## [Aim of the exercise]
Set down each line of the data below exactly as it stands, dropping the pictures.

## [Dataset content]

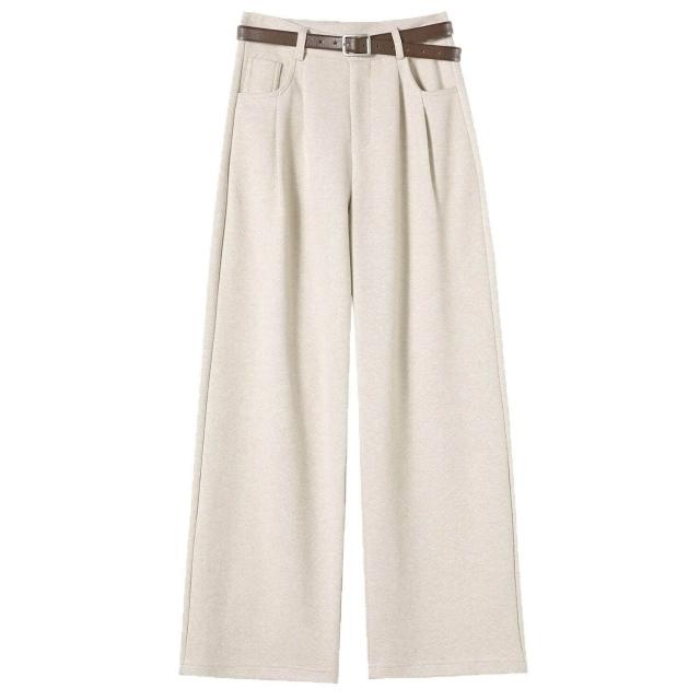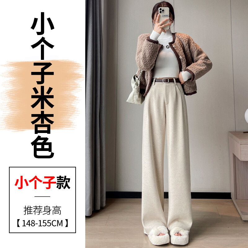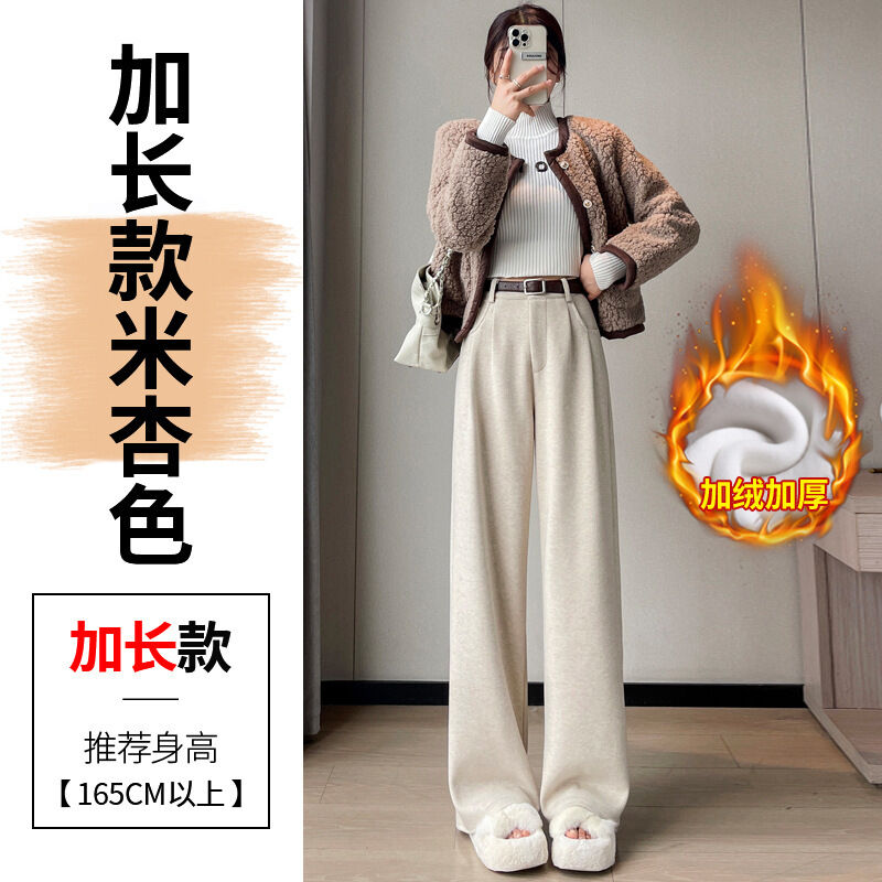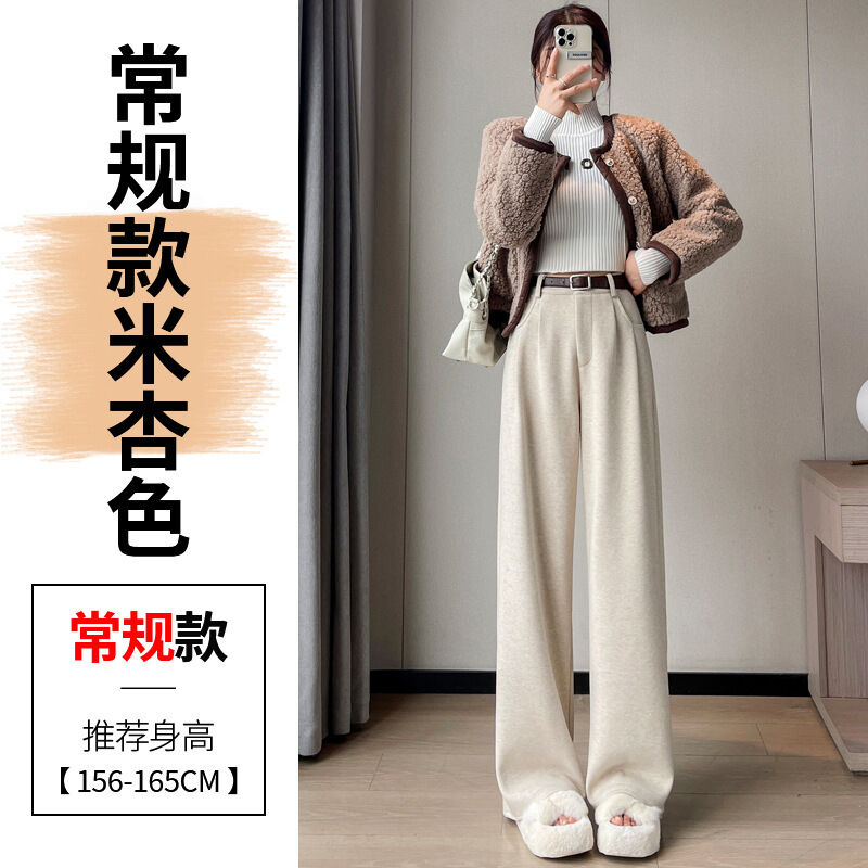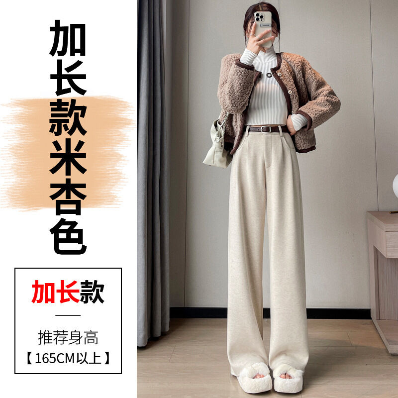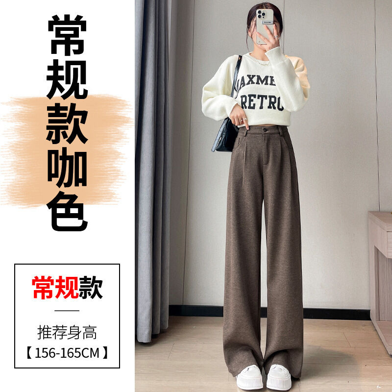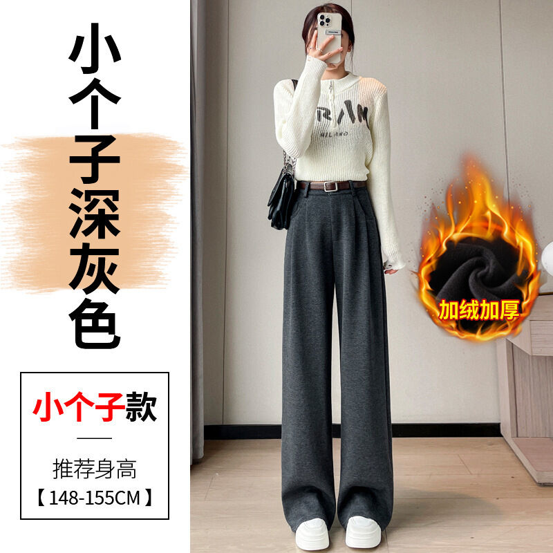 深灰色加絨毛呢直筒褲女2025秋冬人字紋高級感窄版直筒闊腿褲7705
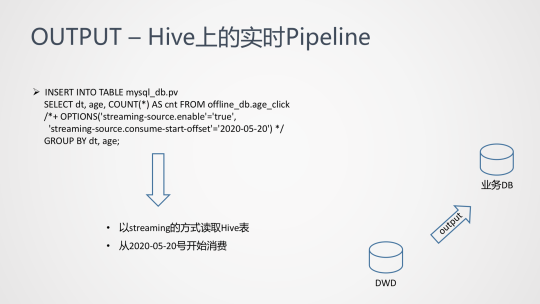 通过实时 Pipeline 的手段消费 Hive Table,而不是通过调度或者以往手动触发的 batch 作业,第一个参数 streaming-source.enable,打开流处理机制,然后使用 start-offset 参数指定从哪个分区 / 文件开始消费。此时,整个流批一体准实时数仓应用基本算是完成啦。
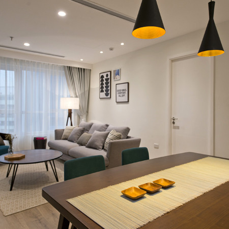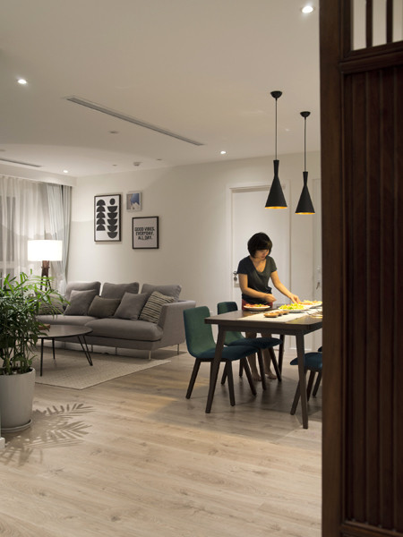 Ánh sáng sử dụng trong căn hộ được nghiên cứu và thiết kế cẩn thận để phù hợp với căn hộ và thói quen của chủ nhà, tạo ra sự sang trọng trong phòng khách, thu hút sự tập trung ở bàn ăn hay cảm giác êm dịu trong phòng ngủ.
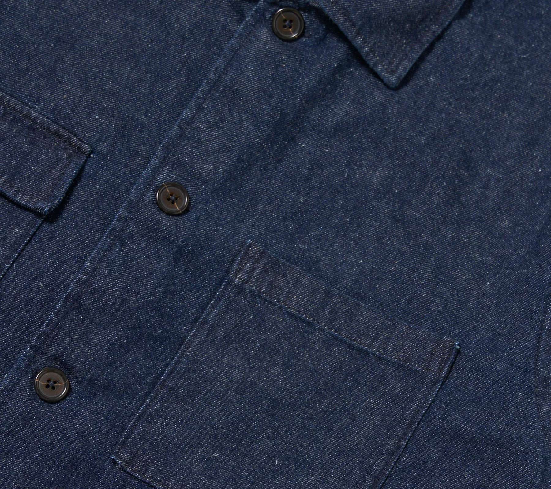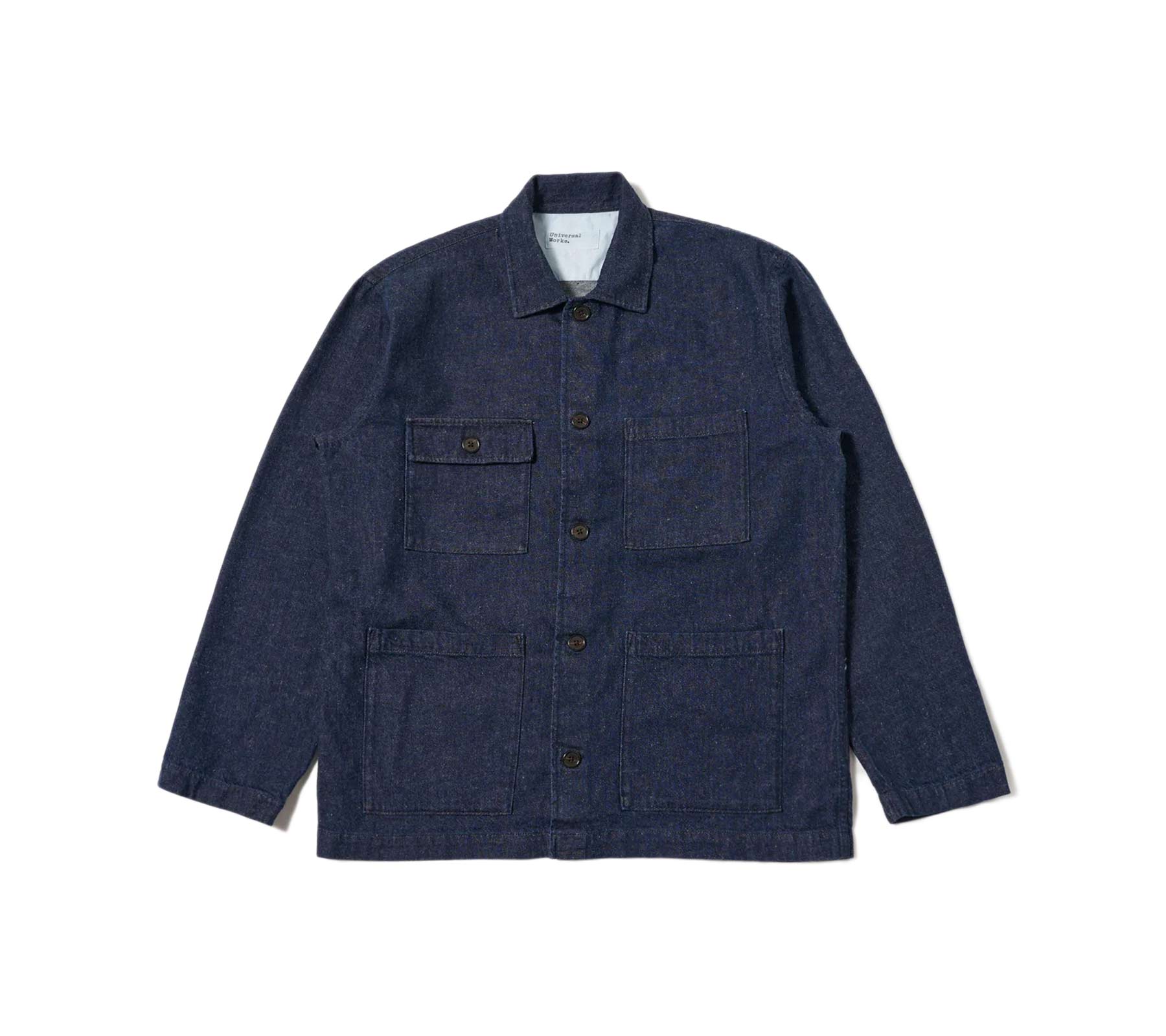 The Dockside is practical and purposeful, with an unstructured shape, complete with a back yoke with back pleats, and four front pockets that take inspiration from military fatigue styles. Generous fit. Two lower patch pockets. Two chest patch pockets, one buttoned.

## [Response area]
 深灰色加絨毛呢直筒褲女2025秋冬人字紋高級感窄版直筒闊腿褲7705
 通过实时 Pipeline 的手段消费 Hive Table,而不是通过调度或者以往手动触发的 batch 作业,第一个参数 streaming-source.enable,打开流处理机制,然后使用 start-offset 参数指定从哪个分区 / 文件开始消费。此时,整个流批一体准实时数仓应用基本算是完成啦。
 Ánh sáng sử dụng trong căn hộ được nghiên cứu và thiết kế cẩn thận để phù hợp với căn hộ và thói quen của chủ nhà, tạo ra sự sang trọng trong phòng khách, thu hút sự tập trung ở bàn ăn hay cảm giác êm dịu trong phòng ngủ.
 The Dockside is practical and purposeful, with an unstructured shape, complete with a back yoke with back pleats, and four front pockets that take inspiration from military fatigue styles. Generous fit. Two lower patch pockets. Two chest patch pockets, one buttoned.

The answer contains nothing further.